The monthly purchasing managers' index issued by a Chinese business magazine, Caixin, fell to 53.9 from May’s 57.1 on a 100-point scale on which numbers above 50 show activity increasing. A measure of factory activity also declined.

“Without policy support, there’s a risk that weakening growth expectations could become self-fulfilling,” said Stephen Innes of SPI Asset Management in a report.

The Nikkei 225 in Tokyo retreated 0.2% to 33,338.70 and the Hang Seng in Hong Kong lost 1.6% to 19,110.38.

The Kospi in Seoul retreated 0.6% to 2,579.00 and Sydney's S&P-ASX 200 shed 0.4% to 7,253.20.

India's Sensex lost 0.3% to 65,301.84. New Zealand and Jakarta gained while Singapore and Bangkok declined.

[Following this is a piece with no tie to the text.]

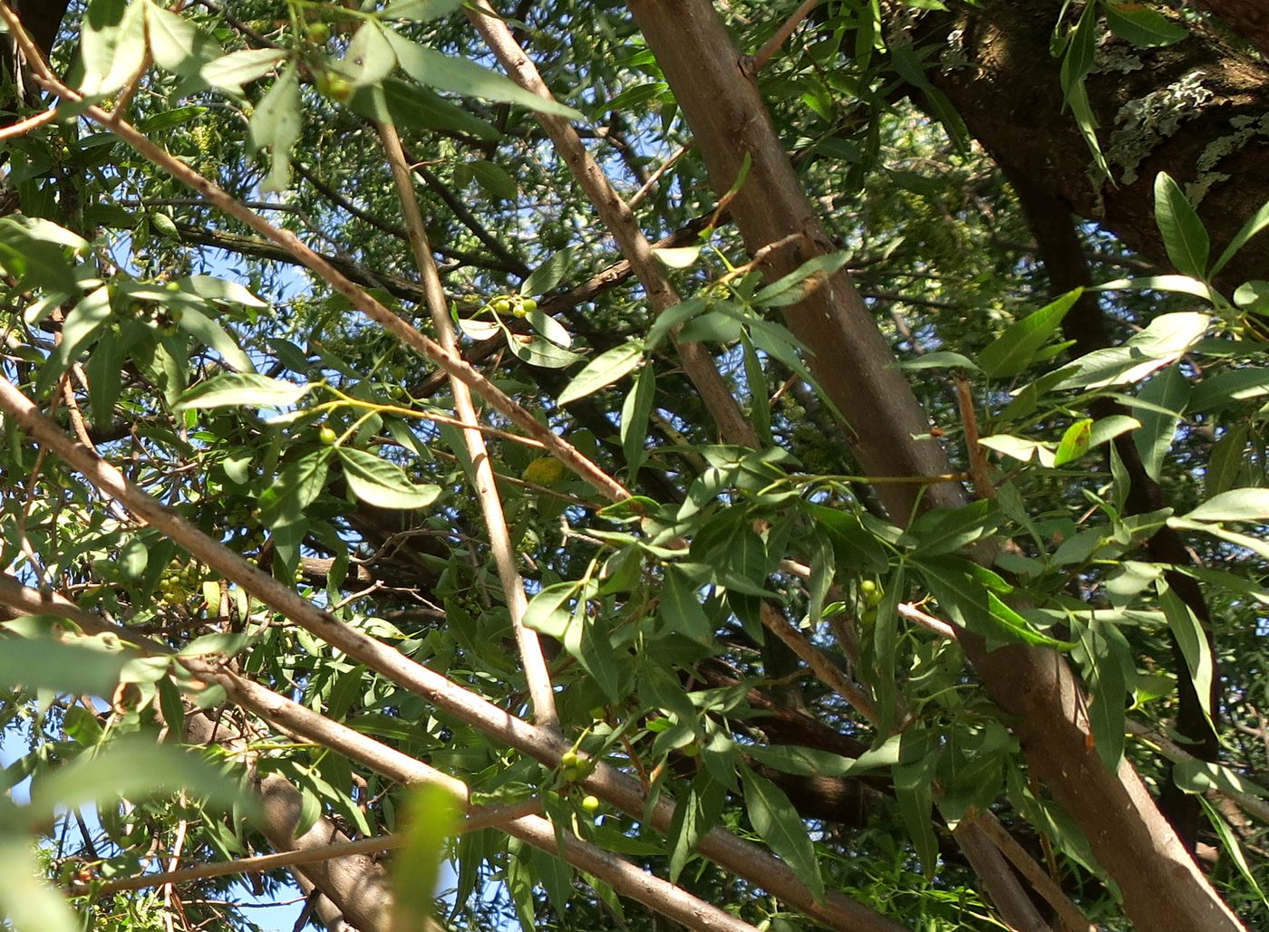 Плоды и листья на фоне почти горизонтальной скелетной ветви, покрытой лишайниками. ЮАР, пров. Гаутенг, пригород Киблер Парк (Kibler Park), природный запов. Клиприверсберг (Klipriviersberg Nature Reserve), усадебная часть, в культуре. 20.01.2025.

China's economic activity accelerated to 4.5% in the first three months of 2023 from last year's 3%. China's No. 2 leader, Premier Li Qiang, said last month growth was improving. He gave no details but expressed confidence China can hit this year's official growth target of “about 5%.”

Traders are uneasy about U.S.-Chinese tensions over technology trade after Beijing this week announced restrictions on exports of gallium and germanium, two metals used in making semiconductors and solar panels. That came ahead of Treasury Secretary Janet Yellen's visit this week as part of U.S. efforts to restore strained relations.

In energy markets, benchmark U.S. crude rose $1.47 to $71.26 per barrel in electronic trading on the New York Mercantile Exchange. Brent crude, the price basis for international oil trading, lost 9 cents to $76.16 per barrel in London.

The dollar rose to 144.60 yen from Tuesday's 144.46 yen. The euro gained to $1.0879 from $1.0870.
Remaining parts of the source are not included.